• Your goal: Nothing but text lines should be duplicated: start with the first line of the listing below and stop after the line holding "ZF系列真空負壓站(真空發生", omitting pictures.

──────── Dataset excerpt

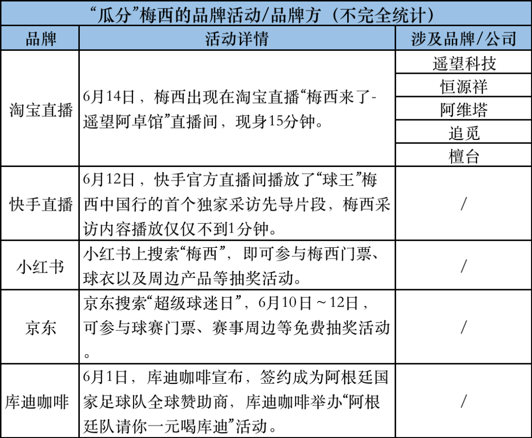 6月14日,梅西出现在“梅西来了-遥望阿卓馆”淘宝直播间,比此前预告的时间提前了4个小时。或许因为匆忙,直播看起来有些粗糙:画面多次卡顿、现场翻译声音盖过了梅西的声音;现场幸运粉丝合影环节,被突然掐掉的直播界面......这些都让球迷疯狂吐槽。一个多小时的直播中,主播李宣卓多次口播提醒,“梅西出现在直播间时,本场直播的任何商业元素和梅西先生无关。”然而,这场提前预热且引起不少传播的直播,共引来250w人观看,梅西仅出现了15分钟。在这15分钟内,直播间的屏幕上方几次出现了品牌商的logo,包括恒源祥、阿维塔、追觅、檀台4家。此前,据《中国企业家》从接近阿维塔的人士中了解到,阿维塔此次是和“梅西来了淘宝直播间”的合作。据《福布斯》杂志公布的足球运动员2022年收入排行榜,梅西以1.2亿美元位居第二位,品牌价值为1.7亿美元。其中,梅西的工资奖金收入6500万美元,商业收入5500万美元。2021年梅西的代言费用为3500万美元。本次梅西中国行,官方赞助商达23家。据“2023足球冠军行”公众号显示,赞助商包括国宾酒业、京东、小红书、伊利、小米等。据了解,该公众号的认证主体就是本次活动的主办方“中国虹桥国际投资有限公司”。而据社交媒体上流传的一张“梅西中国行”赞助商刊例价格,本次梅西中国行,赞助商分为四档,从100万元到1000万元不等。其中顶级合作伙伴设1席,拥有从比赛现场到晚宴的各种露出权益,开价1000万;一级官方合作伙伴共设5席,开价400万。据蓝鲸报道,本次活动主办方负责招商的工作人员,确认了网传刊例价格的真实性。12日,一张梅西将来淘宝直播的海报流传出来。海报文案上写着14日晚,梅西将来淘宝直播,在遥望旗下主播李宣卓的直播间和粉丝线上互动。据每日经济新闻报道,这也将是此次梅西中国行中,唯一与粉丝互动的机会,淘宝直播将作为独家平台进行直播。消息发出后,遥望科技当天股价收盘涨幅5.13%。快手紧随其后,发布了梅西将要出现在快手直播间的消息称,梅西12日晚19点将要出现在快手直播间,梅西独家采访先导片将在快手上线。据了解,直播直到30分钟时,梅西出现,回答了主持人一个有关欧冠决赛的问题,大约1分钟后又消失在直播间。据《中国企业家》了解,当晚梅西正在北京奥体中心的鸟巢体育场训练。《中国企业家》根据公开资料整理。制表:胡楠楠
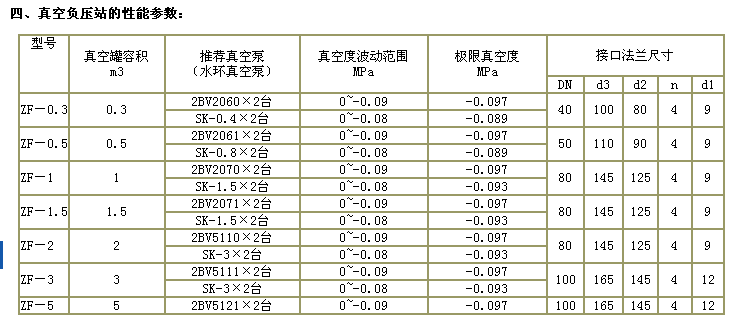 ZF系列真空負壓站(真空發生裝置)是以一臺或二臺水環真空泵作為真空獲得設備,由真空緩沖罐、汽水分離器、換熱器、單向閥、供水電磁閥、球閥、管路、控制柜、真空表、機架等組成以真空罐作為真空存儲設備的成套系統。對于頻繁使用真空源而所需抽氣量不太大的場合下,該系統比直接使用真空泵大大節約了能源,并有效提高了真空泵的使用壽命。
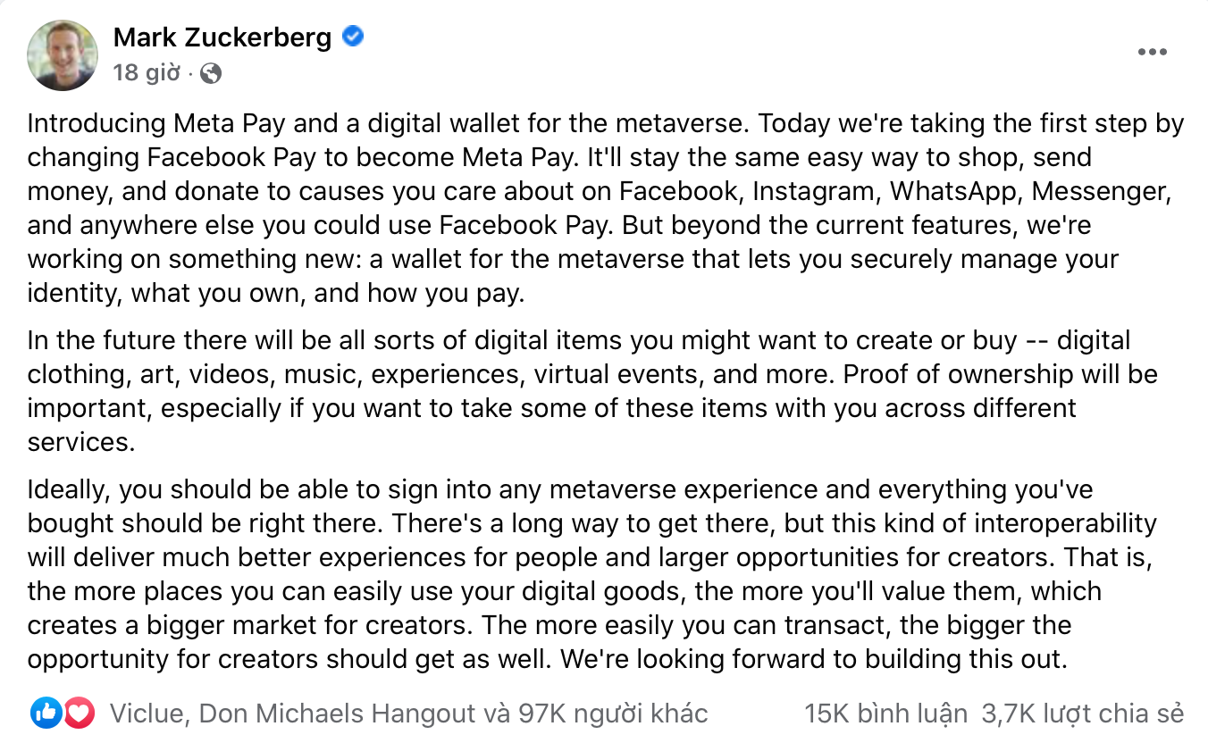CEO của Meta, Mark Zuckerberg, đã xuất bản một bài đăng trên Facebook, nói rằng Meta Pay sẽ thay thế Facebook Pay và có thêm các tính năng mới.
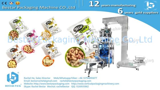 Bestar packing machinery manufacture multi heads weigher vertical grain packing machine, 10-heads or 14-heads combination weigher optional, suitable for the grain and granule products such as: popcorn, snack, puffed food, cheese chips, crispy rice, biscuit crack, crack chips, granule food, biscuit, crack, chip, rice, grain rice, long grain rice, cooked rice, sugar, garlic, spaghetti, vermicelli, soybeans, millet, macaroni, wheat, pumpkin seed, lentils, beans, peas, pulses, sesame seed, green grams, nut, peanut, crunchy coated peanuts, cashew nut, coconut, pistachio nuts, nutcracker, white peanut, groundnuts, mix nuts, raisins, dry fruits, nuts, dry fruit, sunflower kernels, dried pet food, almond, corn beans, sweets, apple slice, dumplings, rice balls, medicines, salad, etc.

────────────────

• Final answer:
 6月14日,梅西出现在“梅西来了-遥望阿卓馆”淘宝直播间,比此前预告的时间提前了4个小时。或许因为匆忙,直播看起来有些粗糙:画面多次卡顿、现场翻译声音盖过了梅西的声音;现场幸运粉丝合影环节,被突然掐掉的直播界面......这些都让球迷疯狂吐槽。一个多小时的直播中,主播李宣卓多次口播提醒,“梅西出现在直播间时,本场直播的任何商业元素和梅西先生无关。”然而,这场提前预热且引起不少传播的直播,共引来250w人观看,梅西仅出现了15分钟。在这15分钟内,直播间的屏幕上方几次出现了品牌商的logo,包括恒源祥、阿维塔、追觅、檀台4家。此前,据《中国企业家》从接近阿维塔的人士中了解到,阿维塔此次是和“梅西来了淘宝直播间”的合作。据《福布斯》杂志公布的足球运动员2022年收入排行榜,梅西以1.2亿美元位居第二位,品牌价值为1.7亿美元。其中,梅西的工资奖金收入6500万美元,商业收入5500万美元。2021年梅西的代言费用为3500万美元。本次梅西中国行,官方赞助商达23家。据“2023足球冠军行”公众号显示,赞助商包括国宾酒业、京东、小红书、伊利、小米等。据了解,该公众号的认证主体就是本次活动的主办方“中国虹桥国际投资有限公司”。而据社交媒体上流传的一张“梅西中国行”赞助商刊例价格,本次梅西中国行,赞助商分为四档,从100万元到1000万元不等。其中顶级合作伙伴设1席,拥有从比赛现场到晚宴的各种露出权益,开价1000万;一级官方合作伙伴共设5席,开价400万。据蓝鲸报道,本次活动主办方负责招商的工作人员,确认了网传刊例价格的真实性。12日,一张梅西将来淘宝直播的海报流传出来。海报文案上写着14日晚,梅西将来淘宝直播,在遥望旗下主播李宣卓的直播间和粉丝线上互动。据每日经济新闻报道,这也将是此次梅西中国行中,唯一与粉丝互动的机会,淘宝直播将作为独家平台进行直播。消息发出后,遥望科技当天股价收盘涨幅5.13%。快手紧随其后,发布了梅西将要出现在快手直播间的消息称,梅西12日晚19点将要出现在快手直播间,梅西独家采访先导片将在快手上线。据了解,直播直到30分钟时,梅西出现,回答了主持人一个有关欧冠决赛的问题,大约1分钟后又消失在直播间。据《中国企业家》了解,当晚梅西正在北京奥体中心的鸟巢体育场训练。《中国企业家》根据公开资料整理。制表:胡楠楠
 ZF系列真空負壓站(真空發生裝置)是以一臺或二臺水環真空泵作為真空獲得設備,由真空緩沖罐、汽水分離器、換熱器、單向閥、供水電磁閥、球閥、管路、控制柜、真空表、機架等組成以真空罐作為真空存儲設備的成套系統。對于頻繁使用真空源而所需抽氣量不太大的場合下,該系統比直接使用真空泵大大節約了能源,并有效提高了真空泵的使用壽命。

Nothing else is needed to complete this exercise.